Safaricom entry into start-up funding, welcomed

Kenyan telco Safaricom launched its Spark Venture Fund aimed at investing in late seed and early growth start-ups.

Spark Venture Fund will have $1 million to invest in companies in Kenya over the next two years.

John Kieti director at m:Lab East Africa, a mobile start-up incubation centre, welcomes the fund into the Nairobi tech ecosystem and says it is an added advantage for the market.

The Spark fund aims to invest at minimum $75,000 to maximum of $250,000 for great ideas ranging from mobile payments, media content, SME cloud solutions and Data/Messaging. Companies need to have been operational and have some users.

“Entry of Safaricom into the venture funding space is the turning of a new page in Nairobi’s start-up ecosystem. The space has been in dire need for more venture capital to match local access to capital gaps,” Kieti told ITWeb Africa.

“Safaricom’s fund is small and is a pale comparison with other corporate VC funds such as Google Ventures, Qualcomm Ventures, Intel Capital, etc.

“It is however a strong message of confidence in the fledgling start-up ecosystem by a local corporate. It ushers in an era of local corporate VCs playing in the start-up scene as strategic positioning by local corporates to remain innovative, growth oriented and future proof,” he added.

Kieti however cautioned on some of the challenges that are facing the funding system in the region.

“At the early growth stage, many start-ups have an idea that they should raise more funding to scale faster. But many of them are not prepared for the intensity of fund raising itself and the rigour of due diligence by investors,” he said.

Kieti explains that some of the investment deals fall through because either the start-ups did not commit themselves fully to the fundraising process or had many red flags during the fundraising process.

“Many start-ups simply don't commit enough resources to the venture fund raising process,” Kieti said.

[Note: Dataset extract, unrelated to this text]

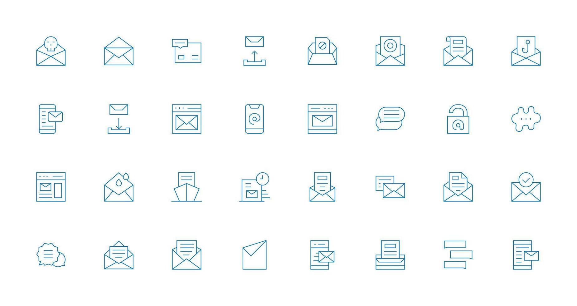 Inbox Icon Set with 32 Thin Line Graphics UI Icon Set Free Vector

However, he called on many more investors to join the funding market to offer variety and alternatives.

“Although there are a number of funds setting up camp in East Africa, they are still few and very countable. Considering the funds’ unique mandates, funding philosophies, and ticket sizes, it’s not unexpected for an investable start-up to be a mismatch for all the funds around. So to start with, the ecosystem needs many more diverse funds - assuming there’s a growing number of good quality investment opportunities for them,” he stated.